Records drawn from a dataset:
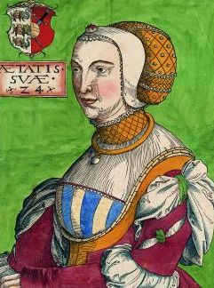 Die Königin der „Wiedertäufer“ war aber Divara von Haarlem. Da die Kleidung genau der aus einer Kupferstichfolge Joseph und Potiphars Weib gleicht, besteht die Möglichkeit, dass es sich um ein Phantasieportrait handelt.[Anm. 2] Die rechte Hälfte des Wappens zeigt die Weltkugel mit Schwertern, das Wappen Jan van Leydens.
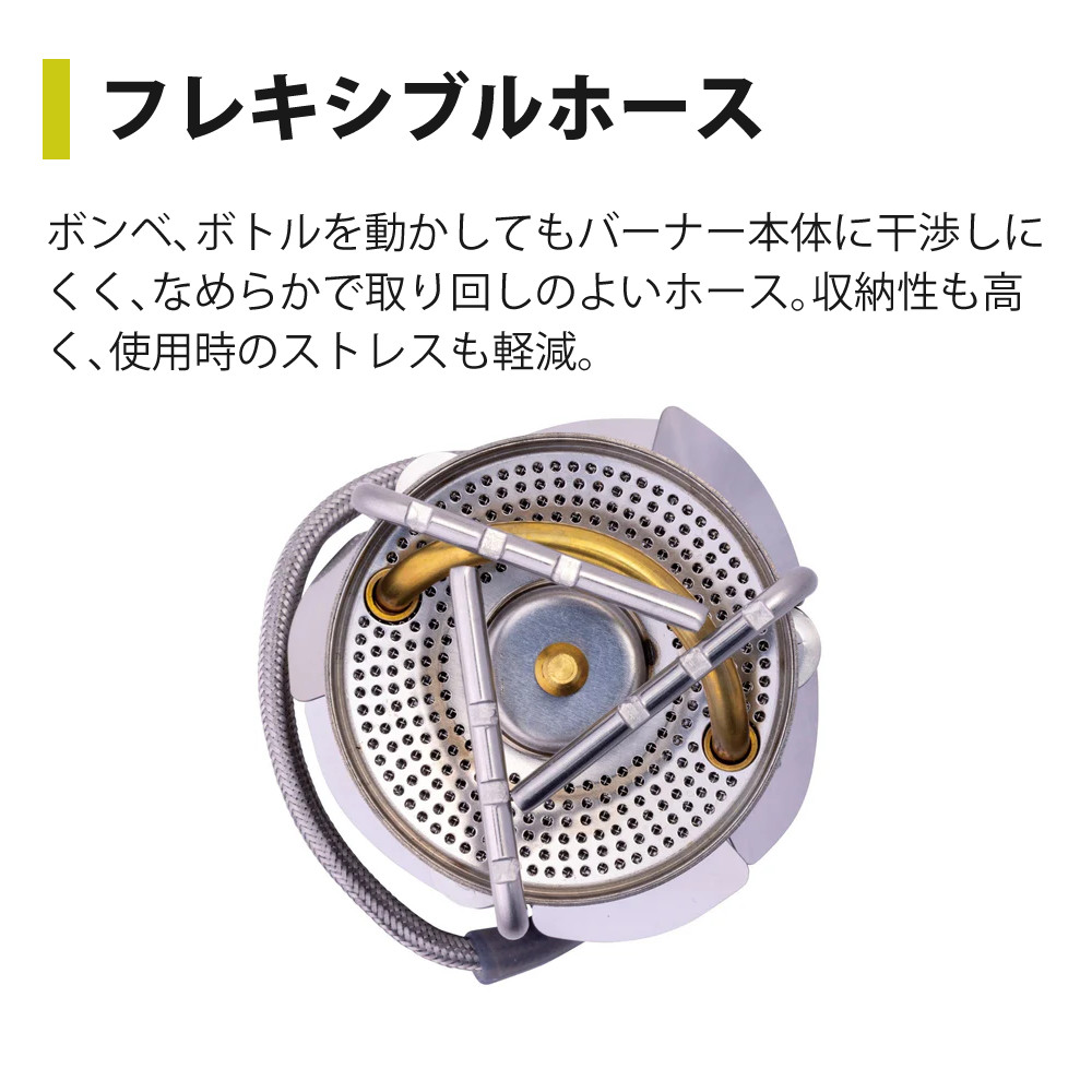 ボンベ、ボトルを動かしてもバーナー本体に干渉しにくく、なめらかで取り回しのよいホース。収納性も高く、使用時のストレスも軽減。
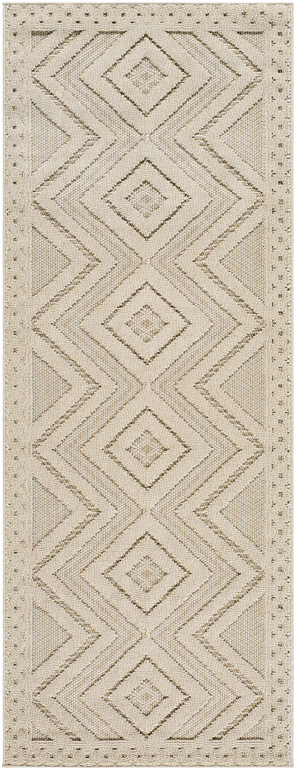 The Aimee Area Rug is the perfect choice for your Scandinavian Modern decor. Made in Turkey from durable polypropylene, this rug is designed to last through even high traffic areas and outdoor settings. With a medium pile height, it's easy to clean and maintain?just hose off with mild detergent when needed! Add a rug pad for extra cushioning and protection, and enjoy the beautiful design of this piece for years to come.
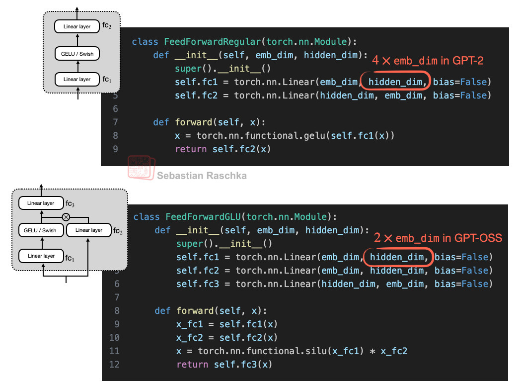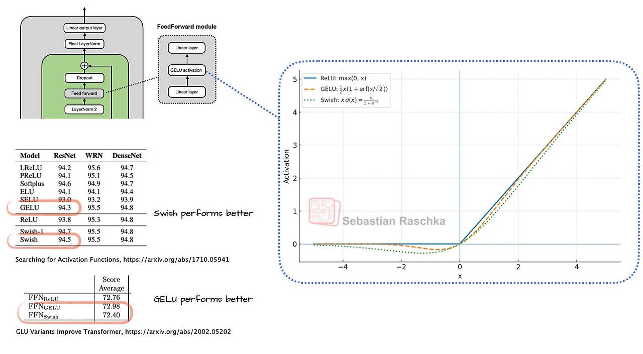 초기 GPT 아키텍처는 GELU를 사용했습니다. 왜 이제 GELU 대신 Swish를 사용하나요? Swish는 계산적으로 약간 더 저렴한 것으로 간주되며, 제 생각에는 그게 전부입니다. 어떤 논문을 보느냐에 따라 모델링 성능 측면에서 어느 쪽이 다른 쪽보다 약간 더 낫다는 것을 알 수 있습니다. 제 생각에는 이러한 작은 차이는 아마도 표준 오차 범위 내에 있으며, 하이퍼파라미터 민감도에 따라 마일리지가 달라질 수 있습니다.
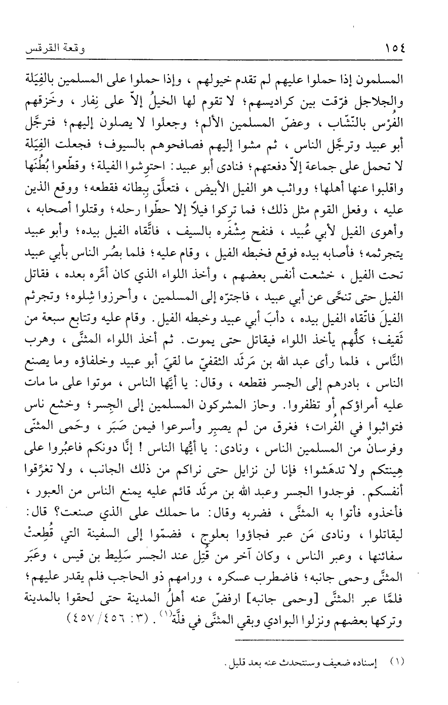 المسلمون إذا حملوا عليهم لم تقدم خيولهم، وإذا حملوا على المسلمين بالفِيَلة والجلاجل فرّقت بين كراديسهم، لا تقوم لها الخيلُ إلّا على نِفار، وخَزقهم الفُرْس بالنّشّاب، وعضّ المسلمين الألم؛ وجعلوا لا يصلون إليهم، فترجَّل أبو عبيد وترجَّل الناس، ثم مشوا إليهم فصافحوهم بالسيوف؛ فجعلت الفِيَلة لا تحمل على جماعة إلّا دفعتهم، فنادى أبو عبيد: احتوشوا الفيلة، وقطّعوا بُطُنَها واقلبوا عنها أهلها؛ وواثب هو الفيل الأبيض، فتعلَّق بِبطانه فقطعه؛ ووقع الذين عليه، وفعل القوم مثل ذلك؛ فما تركوا فيلًا إلا حطّوا رحله؛ وقتلوا أصحابه، وأهوى الفيل لأبي عُبيد، فنفح مِشْفره بالسيف، فاتَّقاه الفيل بيده؛ وأبو عبيد يتجرثمه؛ فأصابه بيده فوقع فخبطه الفيل، وقام عليه، فلما بصُر الناس بأبي عبيد تحت الفيل، خشعت أنفس بعضهم، وأخذ اللواء الذي كان أمَّره بعده، فقاتل الفيل حتى تنحَّى عن أبي عبيد، فاجترّه إلى المسلمين، وأحرزوا شِلوه؛ وتجرثم الفيلَ فاتّقاه الفيل بيده، دأبَ أبي عبيد وخبطه الفيل. وقام عليه وتتابع سبعة من ثَقيف، كلُّهم يأخذ اللواء فيقاتل حتى يموت. ثم أخذ اللواء المثنَّى، وهرب النَّاس، فلما رأى عبد الله بن مَرثَد الثقفيّ ما لقيَ أبو عبيد وخلفاؤه وما يصنع الناس، بادرهم إلى الجسر فقطعه، وقال: يا أيَّها الناس، موتوا على ما مات عليه أمراؤكم أو تظفروا. وحاز المشركون المسلمين إلى الجِسر، وخشع ناس فتواثبوا في الفُرات؛ فغرق من لم يصبِر وأسرعوا فيمن صبَر، وحَمى المثنّى وفرسانٌ من المسلمين الناس، ونادى: يا أيُّها الناس! إنَّا دونكم فاعبُروا على هِينتكم ولا تدهَشوا؛ فإنا لن نزايل حتى نراكم من ذلك الجانب، ولا تغرِّقوا أنفسكم. فوجدوا الجسر وعبد الله بن مرثَد قائم عليه يمنع الناس من العبور، فأخذوه فأتوا به المثنَّى، فضربه وقال: ما حملك على الذي صنعت؟ قال: ليقاتلوا، ونادى مَن عبر فجاؤوا بعلوج، فضمّوا إلى السفينة التي قُطِعتْ سفائنها، وعبر الناس، وكان آخر من قتِل عند الجسر سَلِيط بن قيس، وعَبَر المثنَّى وحمى جانبه، فاضطرب عسكره، ورامهم ذو الحاجب فلم يقدر عليهم؛ فلمَّا عبر المثنَّى [وحمى جانبه] ارفضّ، عنه أهلُ المدينة حتى لحقوا بالمدينة وتركها بعضهم ونزلوا البوادي وبقي المثنَّى في فلَّة (١). (٣: ٤٥٦/ ٤٥٧).

_WHAT THE TASK REQUIRES_
With the pictures omitted, set down each line exactly, starting at the first line of the records above and ending with the line that contains "초기 GPT 아키텍처는".

_RESPONSE BOX_
 Die Königin der „Wiedertäufer“ war aber Divara von Haarlem. Da die Kleidung genau der aus einer Kupferstichfolge Joseph und Potiphars Weib gleicht, besteht die Möglichkeit, dass es sich um ein Phantasieportrait handelt.[Anm. 2] Die rechte Hälfte des Wappens zeigt die Weltkugel mit Schwertern, das Wappen Jan van Leydens.
 ボンベ、ボトルを動かしてもバーナー本体に干渉しにくく、なめらかで取り回しのよいホース。収納性も高く、使用時のストレスも軽減。
 The Aimee Area Rug is the perfect choice for your Scandinavian Modern decor. Made in Turkey from durable polypropylene, this rug is designed to last through even high traffic areas and outdoor settings. With a medium pile height, it's easy to clean and maintain?just hose off with mild detergent when needed! Add a rug pad for extra cushioning and protection, and enjoy the beautiful design of this piece for years to come.
 초기 GPT 아키텍처는 GELU를 사용했습니다. 왜 이제 GELU 대신 Swish를 사용하나요? Swish는 계산적으로 약간 더 저렴한 것으로 간주되며, 제 생각에는 그게 전부입니다. 어떤 논문을 보느냐에 따라 모델링 성능 측면에서 어느 쪽이 다른 쪽보다 약간 더 낫다는 것을 알 수 있습니다. 제 생각에는 이러한 작은 차이는 아마도 표준 오차 범위 내에 있으며, 하이퍼파라미터 민감도에 따라 마일리지가 달라질 수 있습니다.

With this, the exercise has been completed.